Exercise requirements. Starting at the line containing "社会の時間です。明治の後半、" and ending at the line containing "Mersin’in Mut ilçesinde", transcribe the listing below exactly. Keep both end lines, skip the pictures, and copy nothing else.

Material provided.
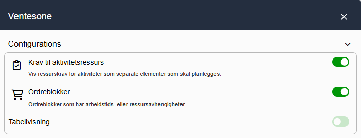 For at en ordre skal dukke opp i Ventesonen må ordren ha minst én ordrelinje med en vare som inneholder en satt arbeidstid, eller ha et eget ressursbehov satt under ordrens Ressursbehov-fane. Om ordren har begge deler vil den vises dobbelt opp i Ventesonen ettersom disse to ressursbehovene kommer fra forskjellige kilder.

...

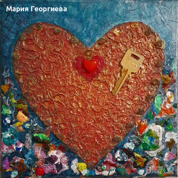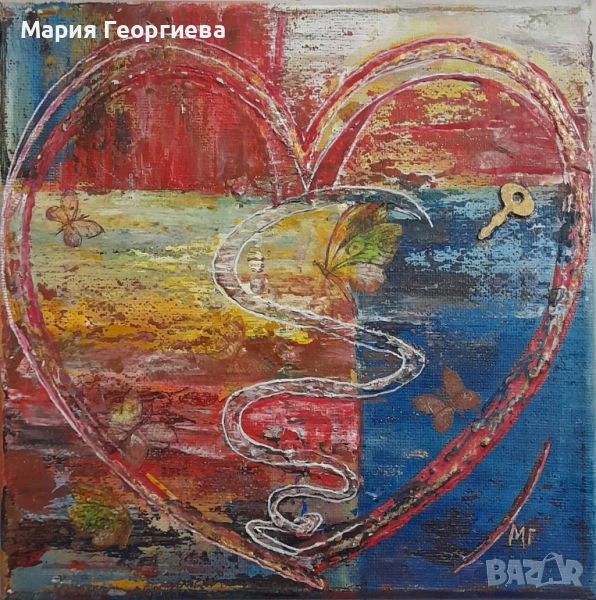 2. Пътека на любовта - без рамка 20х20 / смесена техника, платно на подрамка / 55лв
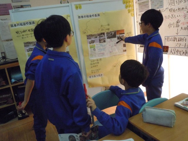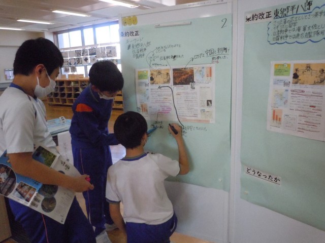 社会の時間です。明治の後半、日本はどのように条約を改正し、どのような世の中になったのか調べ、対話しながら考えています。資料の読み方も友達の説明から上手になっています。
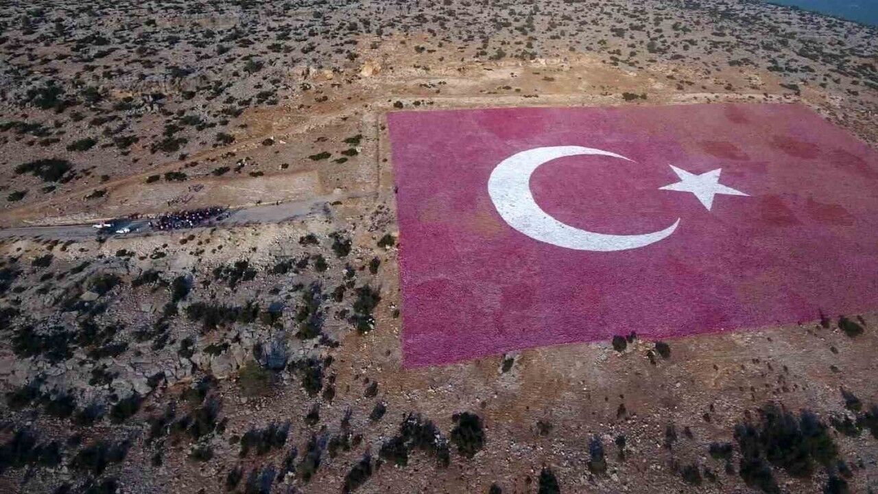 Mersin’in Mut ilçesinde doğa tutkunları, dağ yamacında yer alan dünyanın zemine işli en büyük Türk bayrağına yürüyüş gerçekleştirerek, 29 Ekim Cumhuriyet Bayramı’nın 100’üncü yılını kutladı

Answer space.
 社会の時間です。明治の後半、日本はどのように条約を改正し、どのような世の中になったのか調べ、対話しながら考えています。資料の読み方も友達の説明から上手になっています。
 Mersin’in Mut ilçesinde doğa tutkunları, dağ yamacında yer alan dünyanın zemine işli en büyük Türk bayrağına yürüyüş gerçekleştirerek, 29 Ekim Cumhuriyet Bayramı’nın 100’üncü yılını kutladı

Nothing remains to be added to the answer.